On July 31, 2025, the U.S. District Court for the Northern District of California granted a postponement of the TPS termination until November 18, 2025, while litigation continued. However, on August 20, 2025, the Ninth Circuit stayed this order, allowing the termination to take effect. The appeals court’s panel granted the government’s motion to end protections while the appeal proceeds. As a result, DHS confirmed that TPS and related work permits for Nepalis became invalid as of August 20, 2025.
TPS is a humanitarian program permitting certain nationals to live and work legally in the U.S. when returning home is unsafe due to armed conflict, natural disaster, or “extraordinary” conditions. Nepal was granted TPS on June 24, 2015, following the catastrophic April 25, 2015 earthquake, which killed thousands and severely damaged infrastructure. At that time, approximately 15,000 Nepalis became TPS beneficiaries.
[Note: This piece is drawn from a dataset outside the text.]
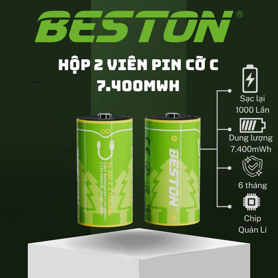 Bộ 2 pin sạc cỡ trung C Beston Lithium 1.5V 7400mWh USB-C CLC-50 P2-03C

Over the years, the number of Nepali TPS holders has declined, with 8,525 in March 2023, 8,100 in September 2023, 7,875 in March 2024, and 7,505 by December 2024. This reflects transitions to other legal statuses or voluntary program departures.
The effort to end Nepal’s TPS is not unprecedented. The Trump administration also sought to terminate TPS for Nepal, El Salvador, Haiti, Honduras, Nicaragua, and Sudan in 2017–2018. Lawsuits, particularly Ramos v. Nielsen, produced a nationwide injunction in 2018 that preserved TPS for affected countries for nearly five years, with groups like Adhikaar supporting that litigation.
In 2023, the Ninth Circuit vacated the injunction, making terminations possible again. The Biden administration later reversed these decisions for Nepal, extending TPS until June 24, 2025, which led to the dismissal of the Ramos suit as moot in December 2023.